▶ [Required work] Exact wording is required for every entry; transcribe all of them and leave the images out.
### Records shown ###
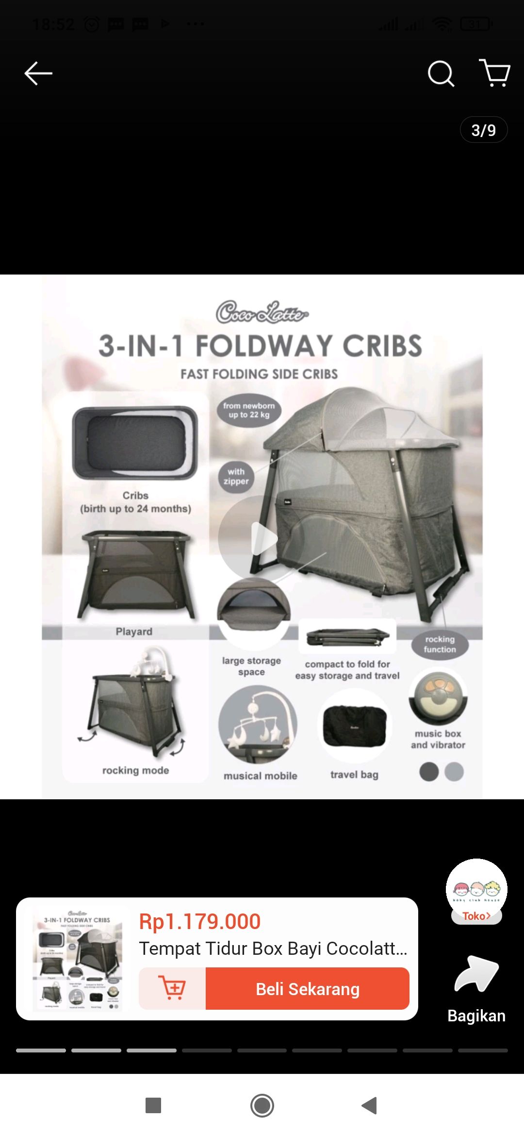 - Terdapat 3 mode: Cribs, Playard, dan Rocking
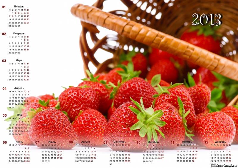 Скачать бесплатно календарь на 2013 год "Клубника". Горизонтальный, в большом разрешении 3508х2480 для печати в формате А4 или качественной печати плаката.
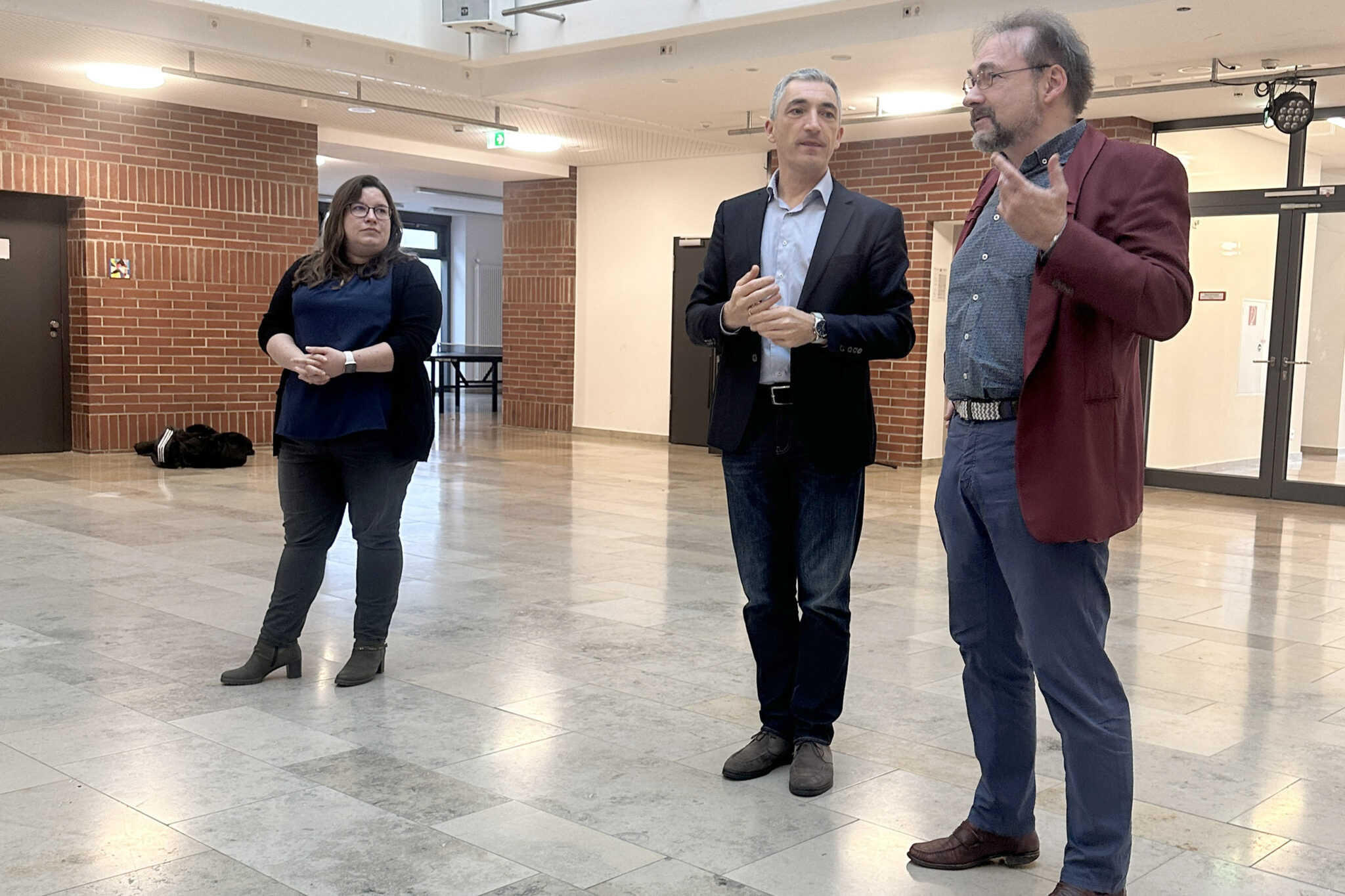 Der stellvertretende Schulleiter Christoph Heiduk (re.) begrüßte Landrat Dr. Ronny Raith und die Kommunale Jugendpflegerin Kathrin Götz an der Schule. Foto: Heiko Langer / Landratsamt Regen
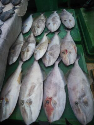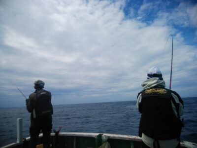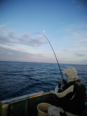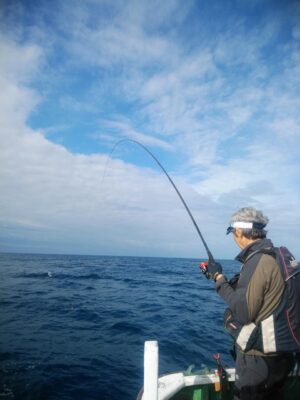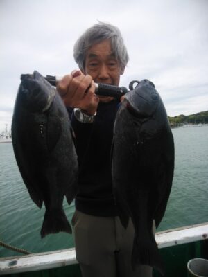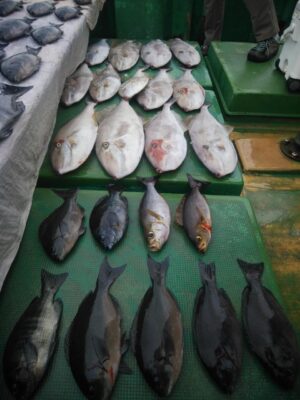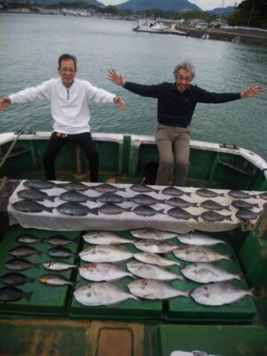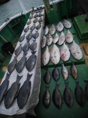 北東の風で下り潮でした。波高は、1mもないぐらいのベタナギ状態でした。山口様、前之園様、よく頑張ってくれてグレ40㎝を頭に31枚とイサギ、ウスバも交じり3目釣れて大釣りでした。『よく釣れた おもしろかった。。。』と大変喜んでくれて良かったです
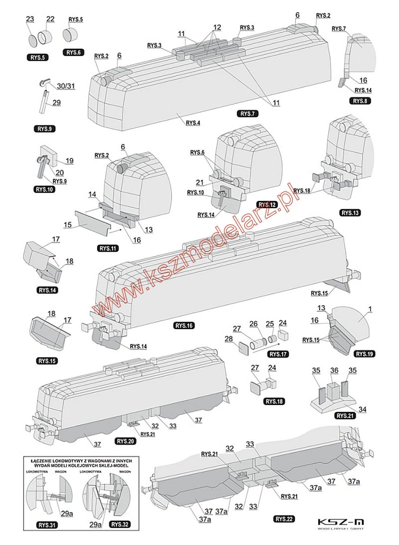 Z egzemplarza można wykonać następujące wagony i lokomotywę:
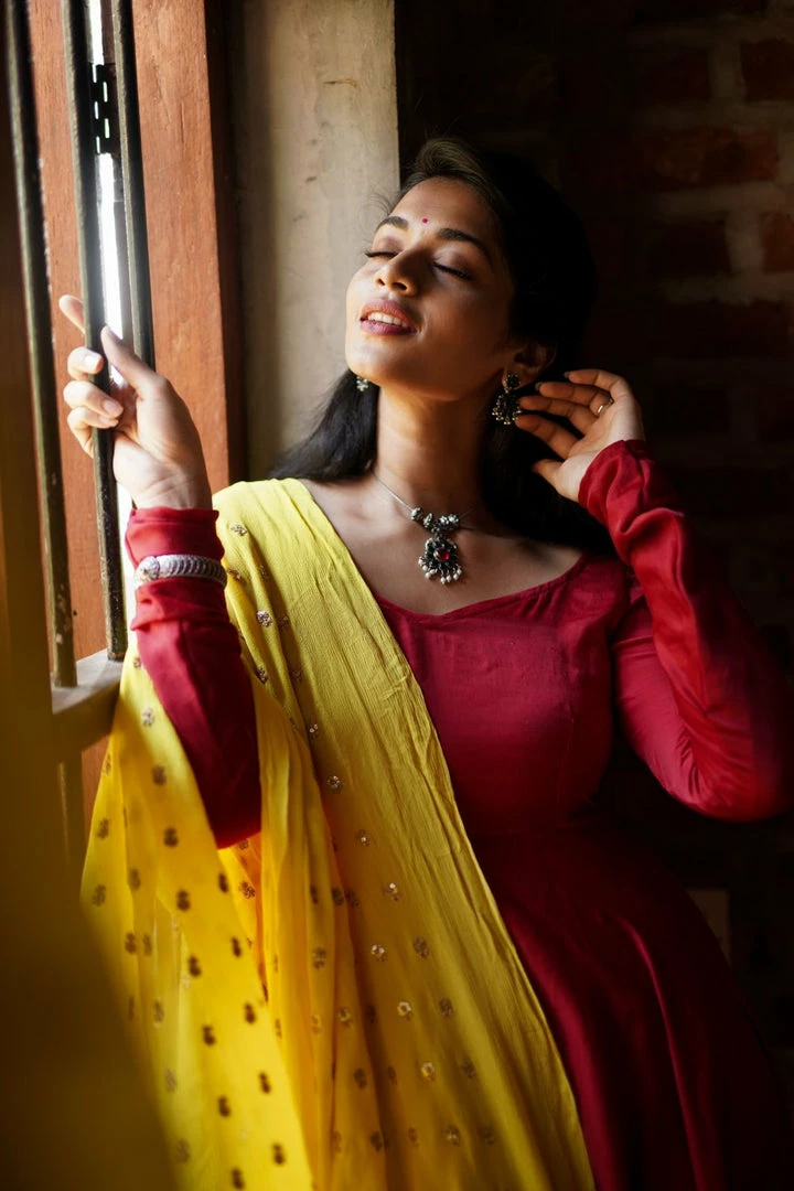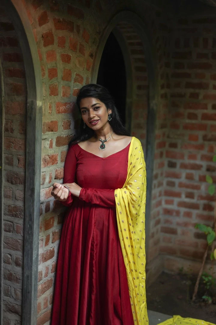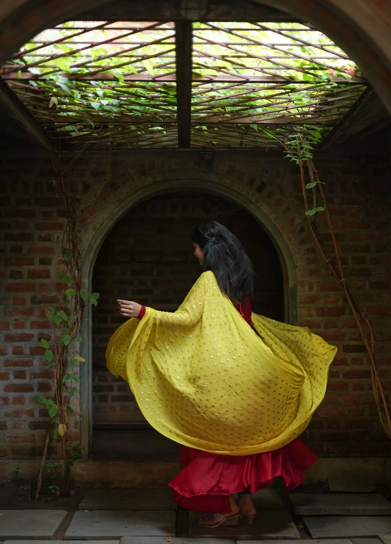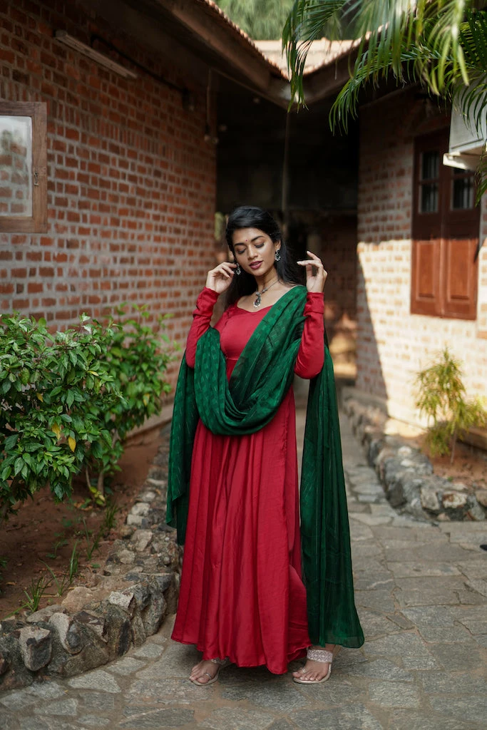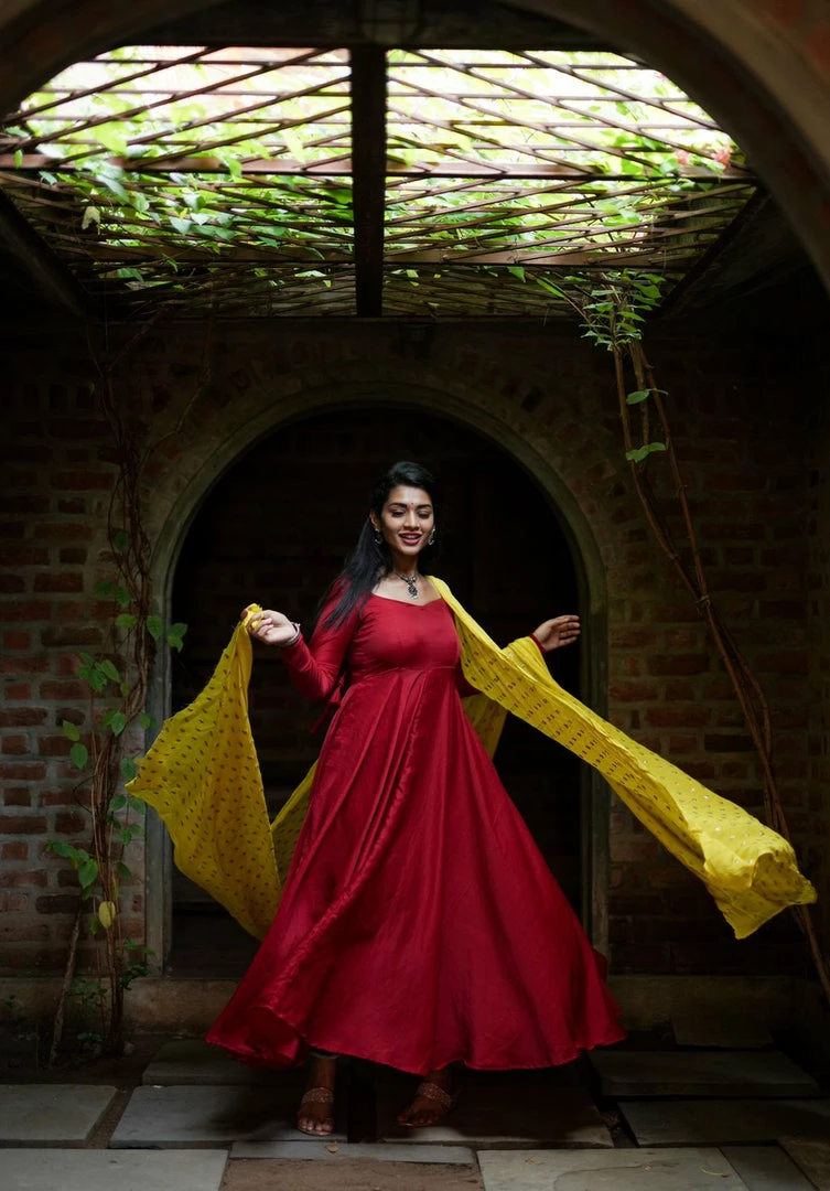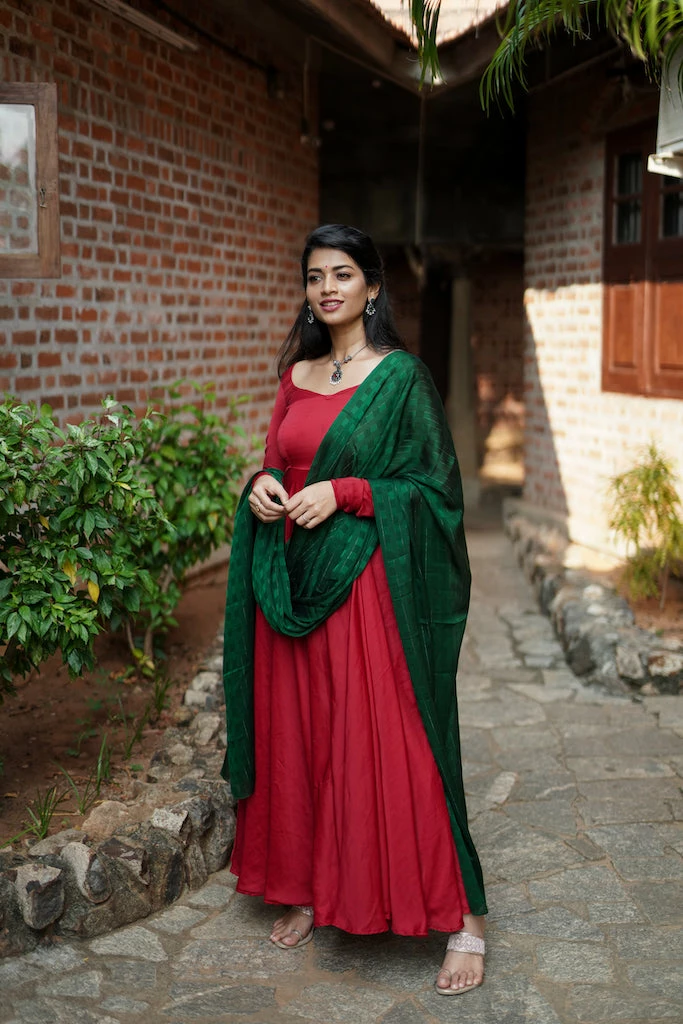simple red dress with double flare is crafted in plain silk fabric. It has a wide neck and full length sleeves. It is paired with a green and yellow dupatta, can choose your preference.
###
▶ [Exercise answer]
 - Terdapat 3 mode: Cribs, Playard, dan Rocking
 Скачать бесплатно календарь на 2013 год "Клубника". Горизонтальный, в большом разрешении 3508х2480 для печати в формате А4 или качественной печати плаката.
 Der stellvertretende Schulleiter Christoph Heiduk (re.) begrüßte Landrat Dr. Ronny Raith und die Kommunale Jugendpflegerin Kathrin Götz an der Schule. Foto: Heiko Langer / Landratsamt Regen
 北東の風で下り潮でした。波高は、1mもないぐらいのベタナギ状態でした。山口様、前之園様、よく頑張ってくれてグレ40㎝を頭に31枚とイサギ、ウスバも交じり3目釣れて大釣りでした。『よく釣れた おもしろかった。。。』と大変喜んでくれて良かったです
 Z egzemplarza można wykonać następujące wagony i lokomotywę:
simple red dress with double flare is crafted in plain silk fabric. It has a wide neck and full length sleeves. It is paired with a green and yellow dupatta, can choose your preference.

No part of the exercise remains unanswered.